My wife wishes people a “Merry Christmas,” while I say “Happy holidays.” We both have our reasons for doing so, and we are both right.
It’s important to us to keep Jesus as the central focus of Christmas. One way my wife does so is by wishing everyone a “Merry Christmas” – every chance she gets. She never says “Merry Xmas” and doesn’t shop at stores that resort to that godless abbreviation. She also never says “Happy holidays” – and gives me a critical glare when I do.
I am, however, quick to say “Merry Christmas” to people who follow Jesus and am happy to return the greeting to others who offer it to me. My preference, however, is a more intentional “Have a wonderful Christmas,” because the idea of making merry is a bit too jolly for me, obscuring the wondrous love of Jesus and what he came to do.
However, when expressing season’s greetings to people of unknown faith, I prefer a less confrontational “Happy holidays.” While people of other faiths could take my “Merry Christmas” greeting in a secular sense, they could likewise be incensed at a perceived attempt to proselytize. That would not be my intent; I do not want to offend.
My wife thinks I’m over analyzing something simple.

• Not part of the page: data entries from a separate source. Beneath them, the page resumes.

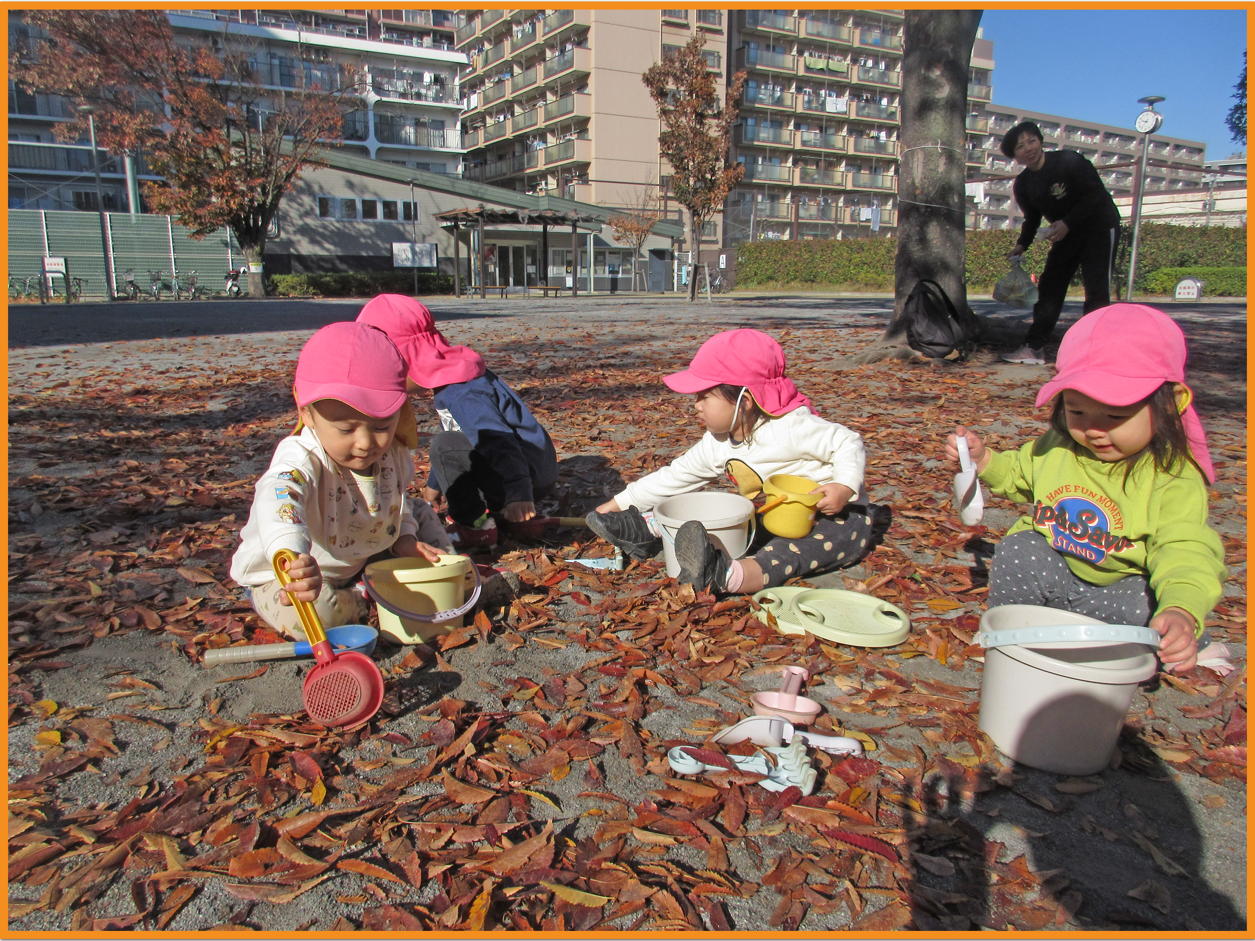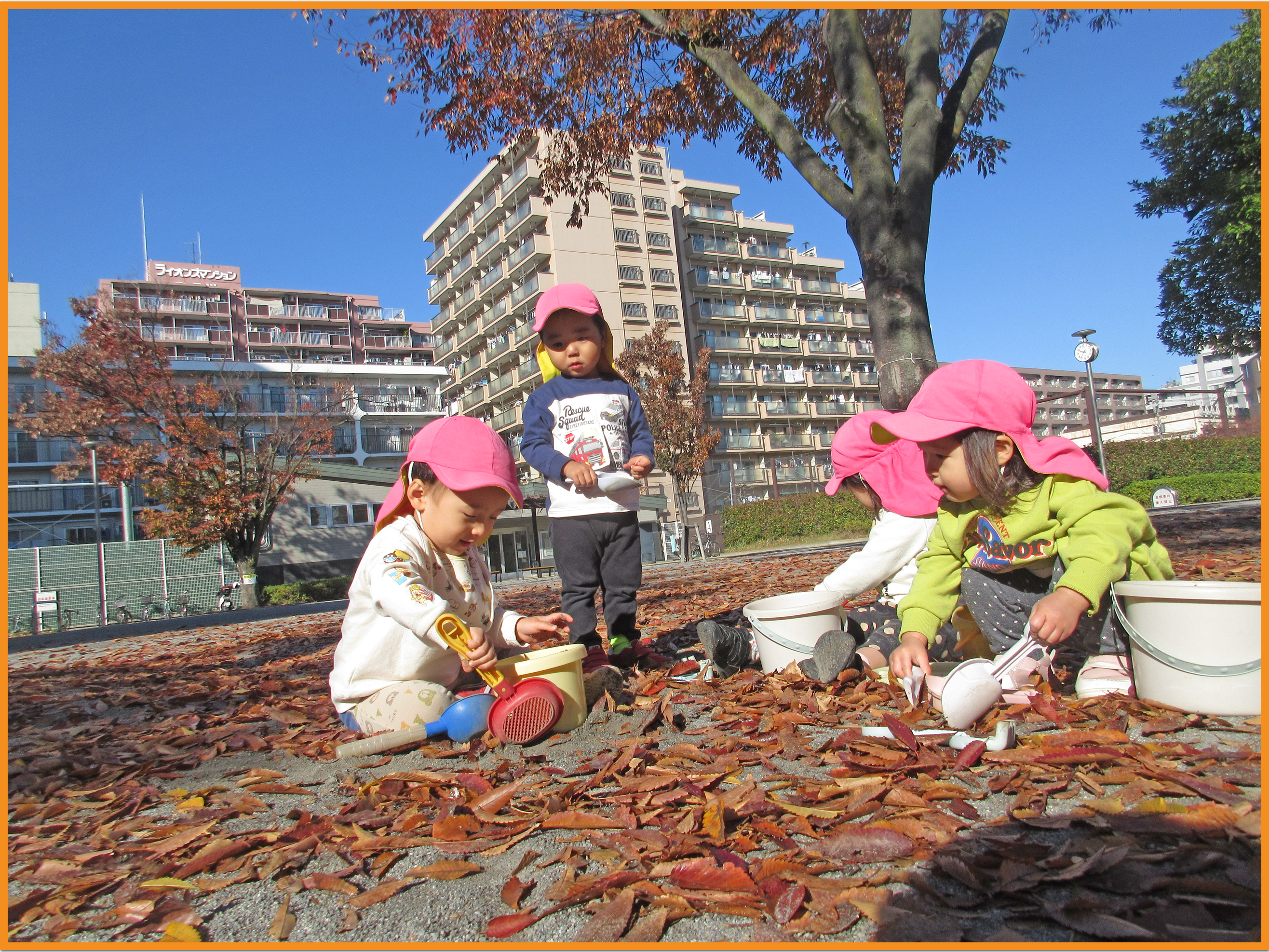 広場は葉っぱの絨毯ができていて、持ってきた砂場玩具で落ち葉を集めて、
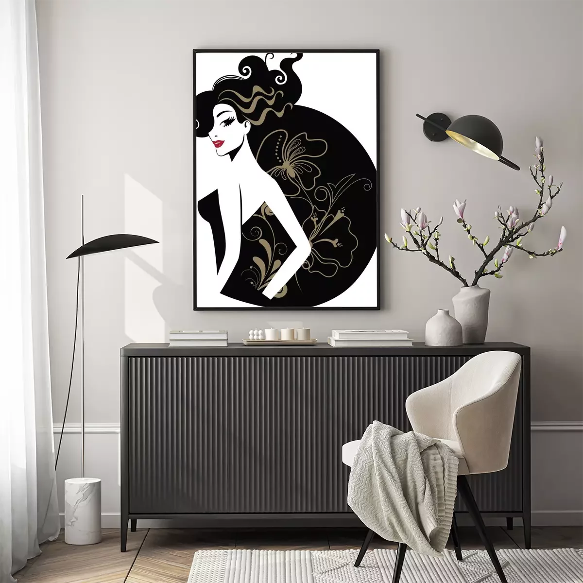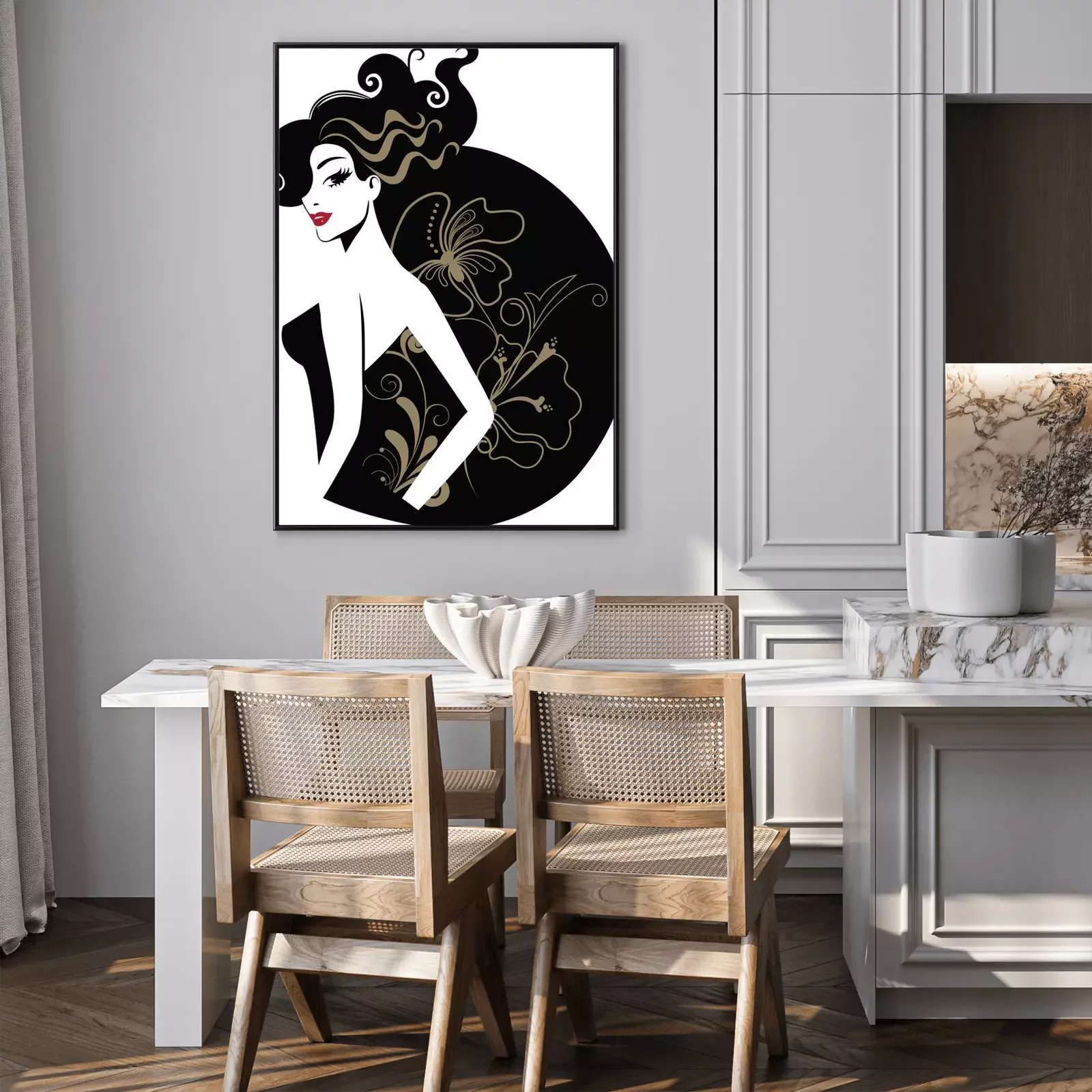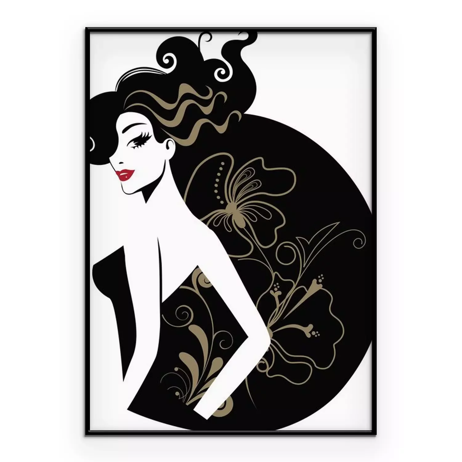 Poster : Figure d'une femme aux lèvres rouges sur fond d'un motif floral
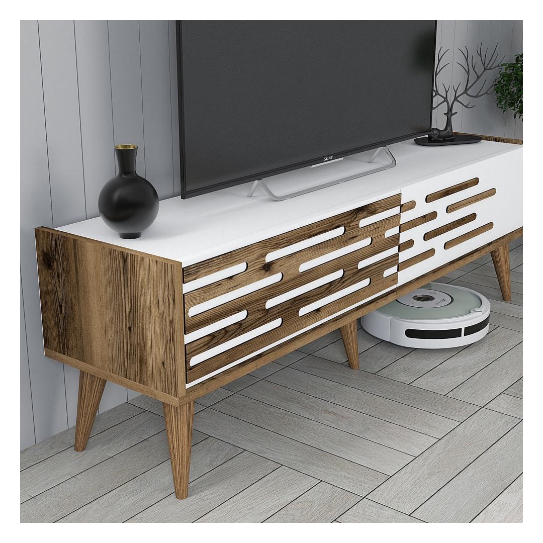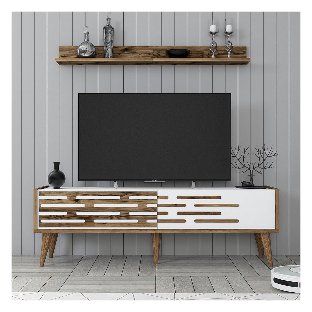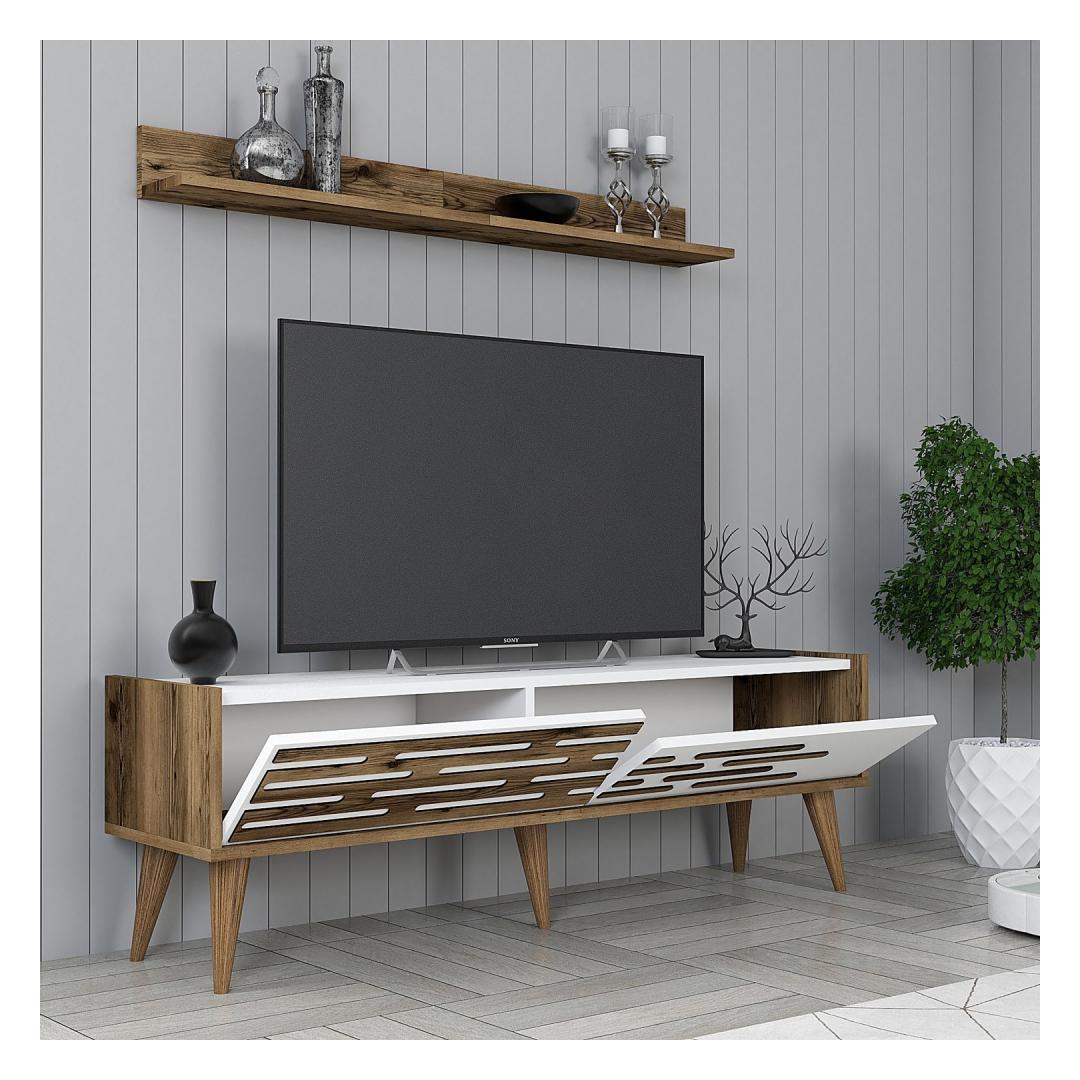 Featuring a combination of walnut and white colors, our TV unit adds a touch of elegance to any living room decor. The sleek and modern design effortlessly blends with both contemporary and traditional styles, making it a versatile choice for any home.
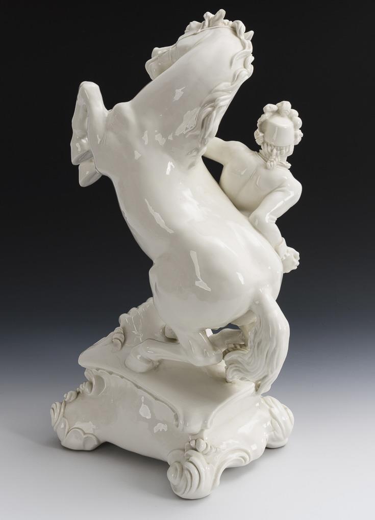 Large sculpture of a young man holding a rising horse. 1 ear bumped, hairline crack in the right leg of the man, above at the base and in the right hind leg of the horse, 2 small hairline cracks at the mouth.
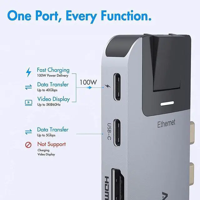 Dual USB C Female Port: The first usb-c port is a original thunderbolt 3 port like the macbook itself which support data transfer up to 40Gb/s, up to 5K displays and up to 100W power; Another usbc port is a data transfer port which speed can up to 5Gbps, a best port for USB C Device like ssd hdd,etc. Notice: The second usb c port of this usb c hub doesn't support HDMI output and charging function.
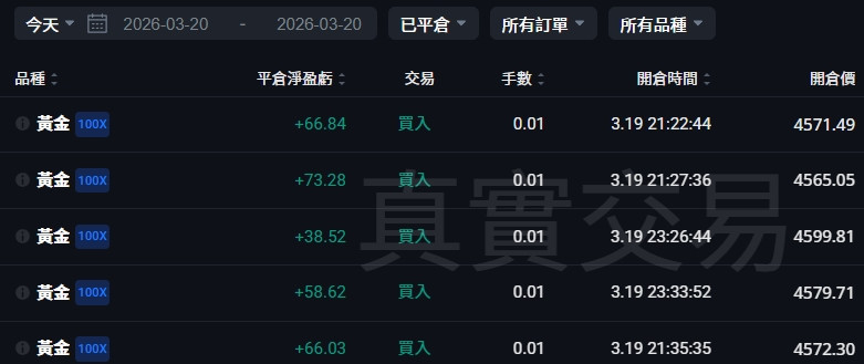昨晚我有5單*0.01手的黃金多單, 平均價位是4577, 到4640止盈
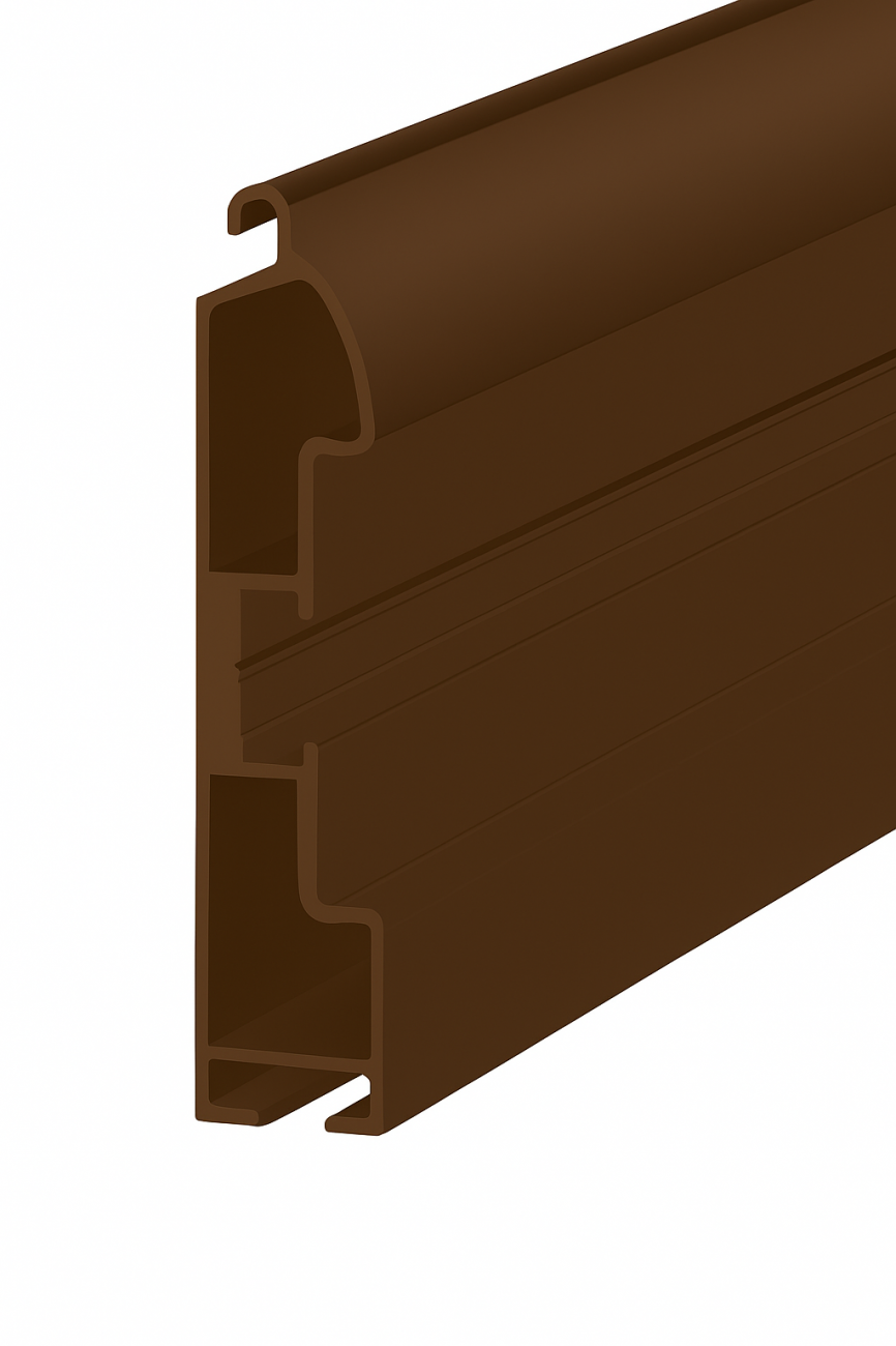 Ригельный (концевой) профиль ALUTECH ESR60R — экструдированный алюминиевый элемент для роллетных решёток серии AEG56. Предназначен для жёсткого и аккуратного завершения полотна и установки ригельного замка RL при варианте монтажа коробом наружу. Цвет исполнения: 102 коричневый
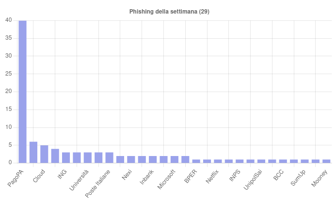 Sono 29 i brand della settimana coinvolti nelle campagne di phishing. Per quantità spiccano le campagne a tema PagoPA, Tessera Sanitaria e Klarna.
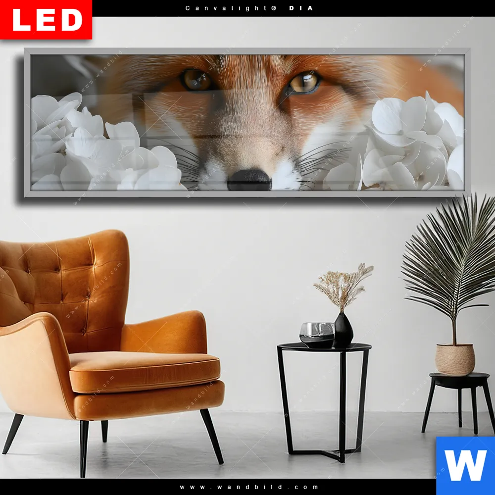 Wechselmotiv Acrylglas Canvalight® DIA | Friedlicher Fuchs und Blumen | Panorama
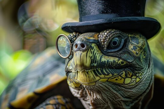 A close-up image of a turtle wearing a top hat and monocle, looking stylish and sophisticated, A turtle wearing a top hat and monocle, looking very dapper
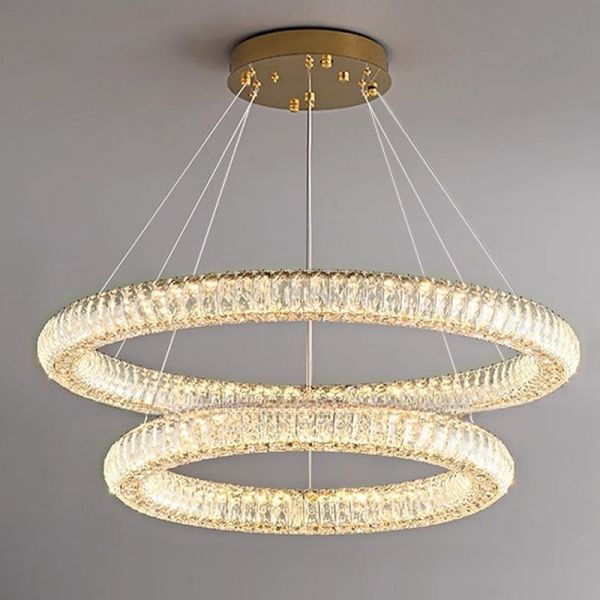 Transparent Shade Chandelier with Remote Control Stepless Dimming and Adjustable Height - 2 Tiers 110V-120V 31.5"
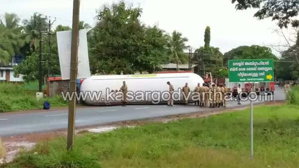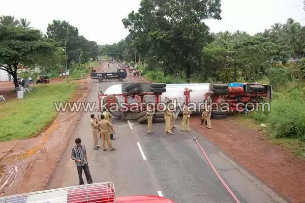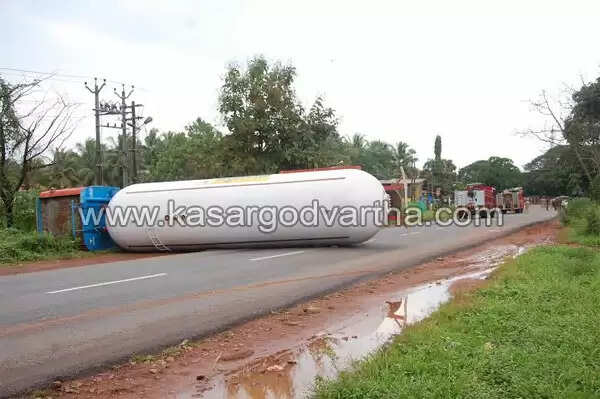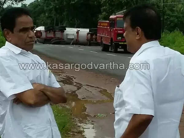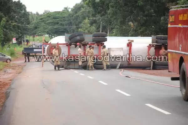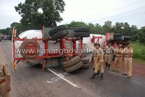 മംഗളൂരുവില്നിന്ന് കണ്ണൂരിലേക്ക് ഗ്യാസുമായി പോവുകയായിരുന്ന ടാങ്കര് ലോറിയാണ് റോഡിന് കുറുകെയായി മറിഞ്ഞത്. ലോറി ഡ്രൈവറും സഹായിയും പരിക്കുകളോടെ അത്ഭുതകരമായി രക്ഷപ്പെട്ടു. വിവരമറിഞ്ഞ് കാസര്കോട് നിന്നും എത്തിയ ഫയര്ഫോഴ്സും വിദ്യാനഗര് പോലീസും നാട്ടുകാരും ചേര്ന്നാണ് രക്ഷാപ്രവര്ത്തനം നടത്തിയത്.
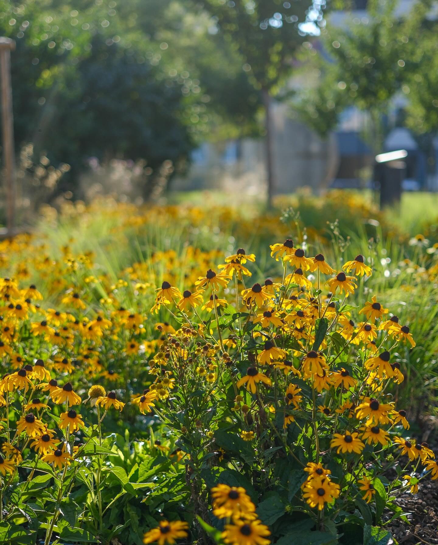 🌿 nová zeleň a vodozádržné opatrenia, vďaka ktorým dažďová voda zo strechy internátu zavlažuje zeleň

I consider it this way: How would I feel if someone wished me a “Happy Kwanzaa,” a created holiday originally intended as an “oppositional alternative” to Christmas?
Someone did, and I was offended. Caught off guard and unwilling to reply with “Happy Kwanzaa,” I blurted out “Merry Christmas.” Sadly, I responded to his confrontation with an equally confronting retort.
I wish I had just smiled and said, “Happy holidays.”